Treating Additional Disorders
Gene editing has also been successful in treating various blood disorders such as sickle cell disease and hemophilia. In terms of the former disease, the process involves taking stem cells from patients’ blood marrow, harvesting, and editing them, so they produce fetal hemoglobin in red blood cells, countering the disease’s negative effect on these cells’ oxygen-carrying capacity.
Many causes of blindness are hereditary, and for some diseases, the culprit is a single mutated gene. In certain instances, by changing one nucleotide in the cell, blindness can be cured. Trials are underway for the treatment of Leber Congenital amaurosis, a childhood blindness disease. Scientists are using CRISPR to attack mutations in a gene that causes the disease, and early results are promising.
CRISPR technology has been used to treat HIV in clinical trials. In fact, in China, they have done gene editing in embryos, inserting a gene mutation called CCR5 that makes cells resistant to HIV.
At least two companies are working on a treatment for muscular dystrophy using gene editing. In the past, gene therapy struggled to address the causes of muscular dystrophy, because back then, you could only target one gene.

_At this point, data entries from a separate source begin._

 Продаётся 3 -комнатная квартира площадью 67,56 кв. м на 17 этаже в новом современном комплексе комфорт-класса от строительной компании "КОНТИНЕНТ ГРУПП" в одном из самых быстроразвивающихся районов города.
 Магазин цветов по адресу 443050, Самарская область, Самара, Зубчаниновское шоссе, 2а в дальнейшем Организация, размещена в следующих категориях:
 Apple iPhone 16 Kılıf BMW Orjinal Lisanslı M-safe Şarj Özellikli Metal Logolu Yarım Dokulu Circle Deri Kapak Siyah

Because muscular dystrophy is caused by multiple gene mutations, it was not an effective approach. Now with CRISPR, we can target several genes simultaneously, opening the door for possible treatments.
With cystic fibrosis, mutations in the CFTR gene can produce severe respiratory problems. Gene therapy introduces a healthy version of the CFTR gene into patients, resulting in improved patient outcomes. While various approaches are still being tested, gene editing seems well-suited for dealing with this type of genetic mutation.

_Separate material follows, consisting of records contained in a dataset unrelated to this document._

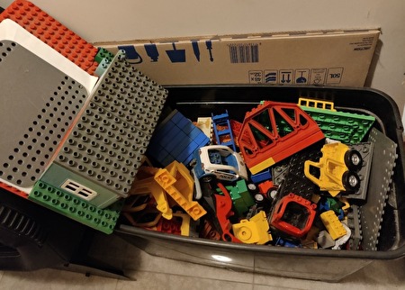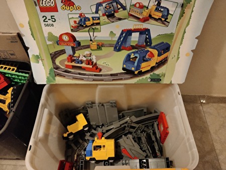 2 bakken met Lego speelgoed waarbij een trein met rails en bruggen. Bevat heel wat dozen Lego. Bakken niet inbegrepen.
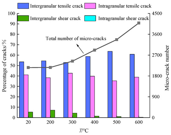 To investigate the influence of high temperature on the damage and failure of granite under uniaxial compression, Figure 9 presents a statistical analysis of the total number of microcracks and the proportions of different types of cracks observed in the samples at different temperatures. It is observed that at 200 °C, the effect of high temperature on the mechanical properties of the granite samples is minimal, with the number of microcracks remaining relatively unchanged compared to that at room temperature (20 °C). Due to the lowest intergranular tensile strength, intergranular tensile cracks constitute the majority of cracks, accounting for 92.8% of the total microcracks. This result is consistent with the viewpoint proposed by Kranz [41] that shear strength exceeds tensile strength in brittle materials. At 300 °C, the differential coefficients of thermal expansion of the mineral crystals result in the uneven expansion of the sample, accelerating the development of microcracks, albeit with a slight decrease in the proportion of intergranular tensile cracks. Between 400 °C and 500 °C, the continued weakening of intergranular bonding leads to a further increase in the rate of microcrack formation due to structural damage to the mineral crystals. During this period, the rate of intragranular crack expansion remains lower than that of intergranular cracks. Upon reaching 600 °C, there is a sharp increase in the number of microcracks, nearly doubling compared to that at 20 °C.
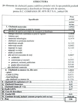 Dacă n-am avut de la Consiliul de Administrație un document din care să rezulte că pierderea este inclusă în preț și care este cadrul legal prin care fac această reducere, am cerut Asociației de Dezvoltare Intercomunitară ADI Oltul, documentația prin care a fost aprobat prețul apei de către ANRSC. Și surpriză, ce să vedeți! În prețul apei nu este inclusă pierderea de reţea. Prețul apei este format doar din altceva și vă rog să arătăm documentele.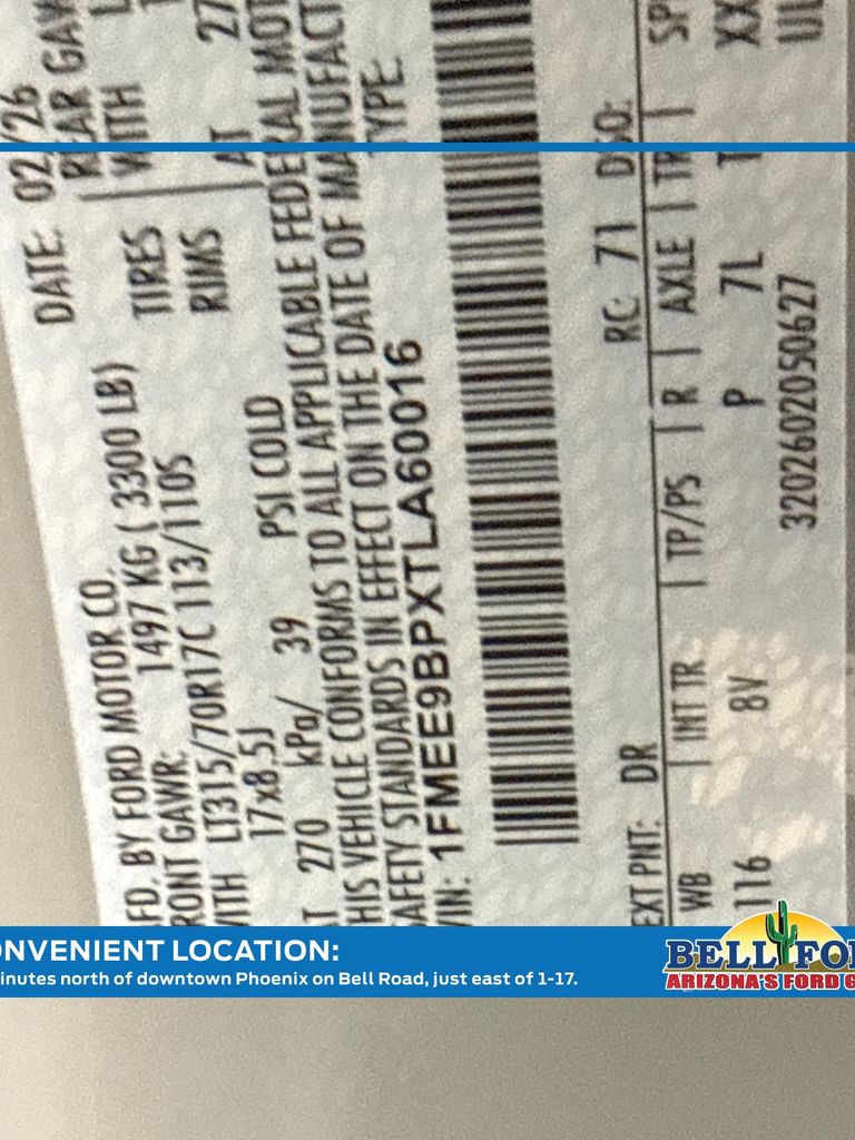 - VIN : 1FMEE9BPXTLA60016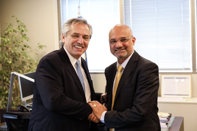 Ambassador Dinesh Bhatia called on President-elect of Argentina Aberto Fernández and presented the congratulatory letter from PM Narendra Modi. They, inter-alia, discussed strengthening the India Argentina Strategic Partnership & enhancing  bilateral economic cooperation.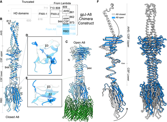 研究团队利用冷冻电镜技术,解析了A8 gpJ713(3.49 Å)及A8 gpJ713与宿主外膜蛋白OmpC结合(3.84 Å)下的结构(图1)。结构分析显示,当A8 gpJ713与OmpC结合后,远端RBD结构域深入OmpC的中央孔道,触发了RBD刚体运动,进一步驱动了CSF结构域中β1和β2链的位移,使其与β3链形成稳定的氢键,启动信号向上传递,最终诱导AHS结构域发生约180°的翻转,折叠至CSF结构之上引发感染。这一结果表明,受体结合并非简单的局部界面接触,而是一个协同的整体构象级联过程。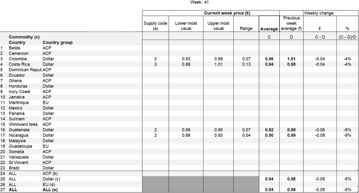 Los precios medios de la banana bajaron en varios de los principales proveedores latinoamericanos en la semana 41 en comparación con la semana anterior, según los datos oficiales del mercado.
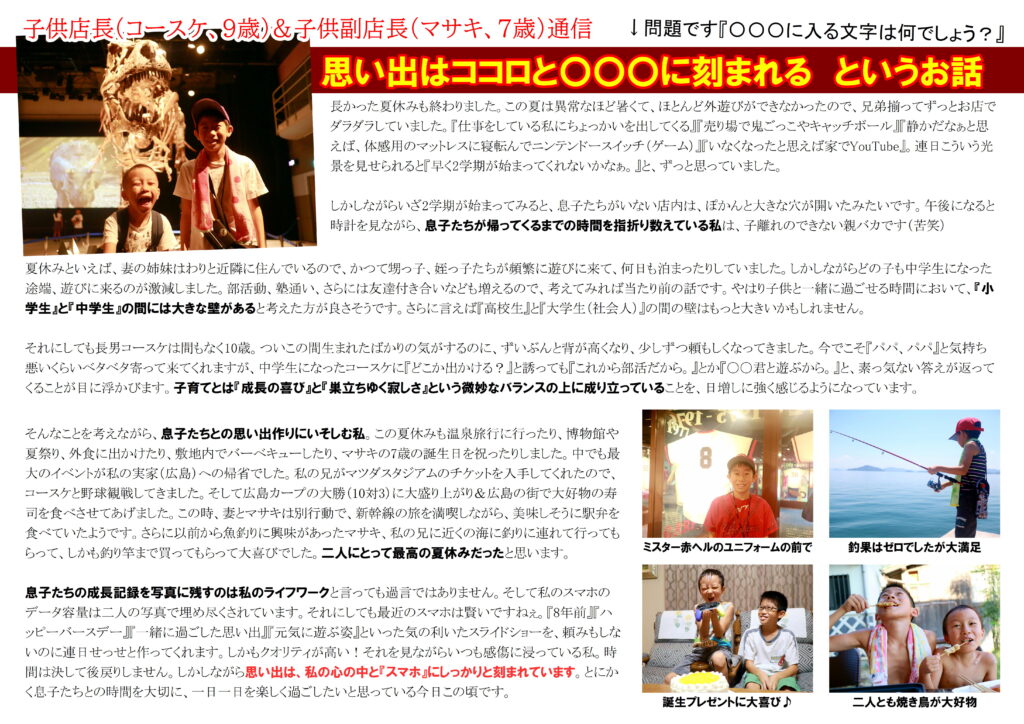 【子供店長&子供副店長通信】思い出はココロと○○○に刻まれる(2024年9月号)

Huntingtin’s disease is a degenerative nerve disease—as nerves break down, everything from thought to movement is affected negatively. Typically, gene editing inserts a healthy gene into a cell to correct defects or supply what is missing. For this disease, however, gene therapy is designed to limit the production of the Huntingtin protein that is causing nerve and brain damage. An enzyme is also introduced to guard against damage to nerves, avoiding the “collateral damage” that can result from gene therapy for Huntingtin’s.
This list is incomplete in that many more diseases and disorders may benefit from gene editing in the future. Today, however, scientists are finding other applications for gene editing technologies beyond treating or preventing specific diseases. Genetically Modified Organisms (GMOs) are a subject of controversy, but there are clear benefits–some foods are modified to allow people with allergic reactions (peanuts, eggs, etc.) to eat them.

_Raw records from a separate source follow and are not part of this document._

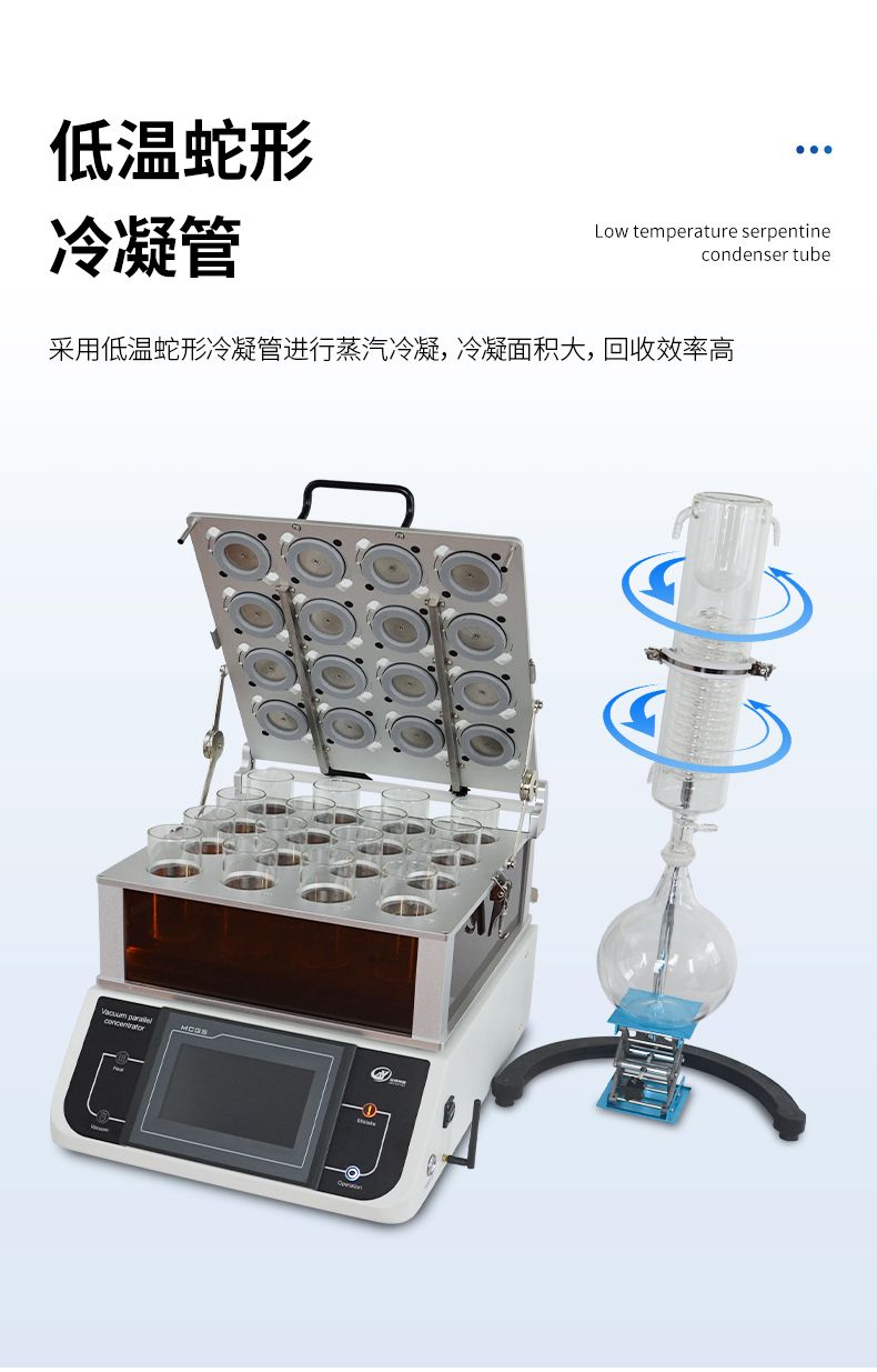 采用低温蛇形冷凝管进行蒸汽冷凝,冷凝面积大,回收效率高。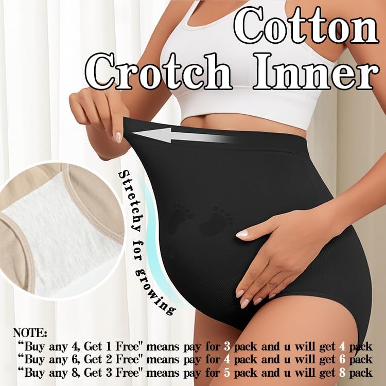 Soft & Stretchy Fabric & Cotton Gusset: The maternity underwear over bump provide comfort and flexibility for moms-to-be with a cozy and stretchy seamless-knit fabric, ensuring the softest support for your belly, waist, and pelvis throughout pregnancy. The pregnancy underwear with cotton crotch inner lining keeps it breathable, healthy, and comfy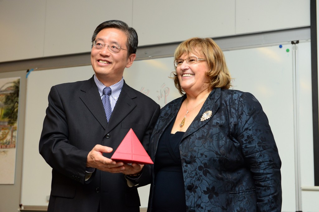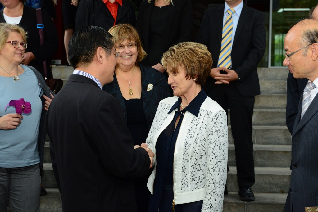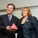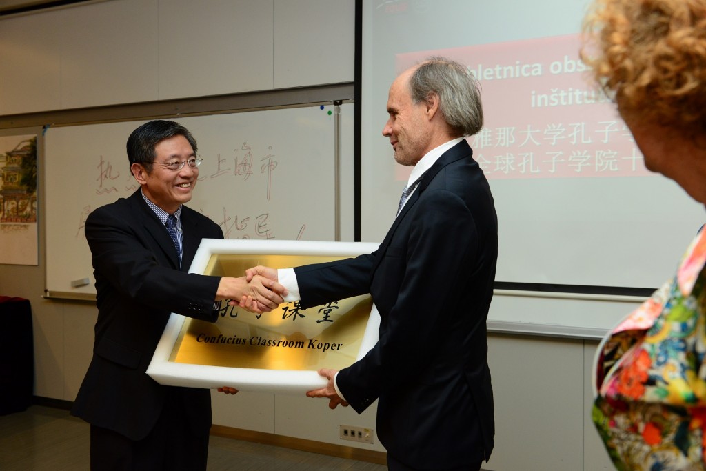 Ob tej priložnosti je gospod Tu Guangshao svečano predal plaketo rektorju Univerze na Primorskem prof. dr.Draganu Marušiču v znak ustanovitve nove, 4 konfucijeve učilnice v Sloveniji s sedežem na Univerzi na Primorskem.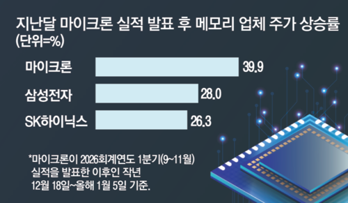 지난달 18일 마이크론이 2026회계연도 1분기 ‘어닝서프라이즈’를 발표하면서 최근까지 주가가 39.9% 오른 점을 감안하면 삼성전자 역시 8일 실적 발표에 이어 D램 가격 상승세가 더해질 경우 추가로 오를 수 있다. 류형근 대신증권 연구원은 “레거시 D램 메모리 매출도 늘어나지만 삼성전자의 올해 HBM 매출액이 23조7000억원으로 전년 대비 183% 성장할 것”이라며 “매출액 기준으로 HBM 시장 점유율은 29%로 마이크론을 제치고 2등을 기록할 것으로 본다”고 말했다.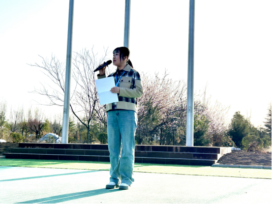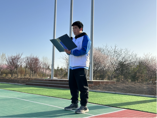清晨,伴随着初升的朝阳,升旗仪式正式开始。英姿飒爽的国旗护卫队迈着整齐划一的步伐,护送着鲜艳的五星红旗走向升旗台。在雄壮的国歌声中,全体师生肃立注目,五星红旗冉冉升起,迎风飘扬。

Gene editing is also being used to help animals, fruits, and vegetables become more resistant to diseases. Scientists are also using gene editing on pests (such as mosquitoes), so they can’t breed or carry infectious diseases, a huge problem in developing countries where malaria is a significant problem. There’s even a group of scientists using gene editing in an attempt to bring wooly mammoths back to life. Their theory is that if they can edit the embryos of existing species that are genetically similar to mammoths—elephants are one such species—and combine them with genes from recovered wooly mammoth DNA, they may be able to edit genetically until they get the right match. Bringing extinct species back to life or helping endangered species survive are applications of gene therapy that seem the stuff of science fiction.
Gene editing is still in the developmental phase. Just as CRISPR represented a quantum leap in the technology, other leaps in the future are likely to resolve some of the challenges and ethical quandaries gene editing is currently experiencing. But without a doubt, gene editing will help many of us live longer and better.